The two major fluid flow systems of the human body, blood circulation and respiration, experience timewise pulsations. The variations of the fluid velocity during a pulsation/respiration cycle give rise to transitions in the flow regime during the course of a cycle. At the lowest fluid velocity encountered in the cycle, it is likely that the flow is laminar. As the velocity increases, the laminar regime may transist into a regime called transitional intermittent. Further increases in velocity may lead either to the fully developed intermittent regime or to the fully developed turbulent regime. Once the velocity attains a maximum and begins to decrease, the process of laminarization may be initiated wherein a succession of flow regimes may occur in opposite order to that described in the foregoing.

The current capabilities of numerical simulation are limited to a single, user-specified flow regime, either laminar or turbulent.
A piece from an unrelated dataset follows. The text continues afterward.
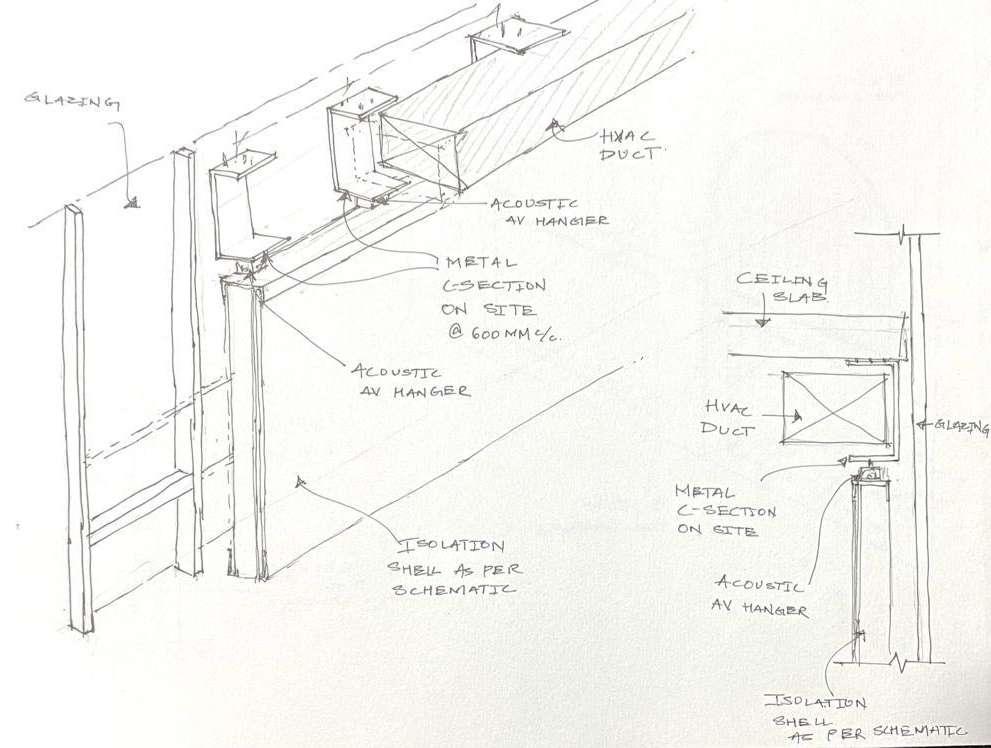 These are details for a project showcasing the structural assem bly for the partition walls and a design intent for an interior of a studio space respectively. Sketches are a great of communicating the design to the client OR a structural assembly to the execution team on the site.

Consequently, the successive spontaneous flow regime transitions encountered in human-body fluid flows have been heretofore beyond the reach of biomedical investigators. Indeed, a thoroughgoing literature review failed to unearth any biomedical-oriented publications in which flow regime transitions have been taken into account.

The present investigation is aimed at applying, for the first time, a flow transition model previously developed for steady flows to unsteady flows. The flows to be considered are timewise periodic, with amplitudes, periods, and mean values appropriate to blood flows in large arteries. Special consideration will be given to the magnitudes of the wall shear stresses that are created by such flows, since the accumulation of plaque depends decisively on the shear. The work will also take account of variations in the flow geometry.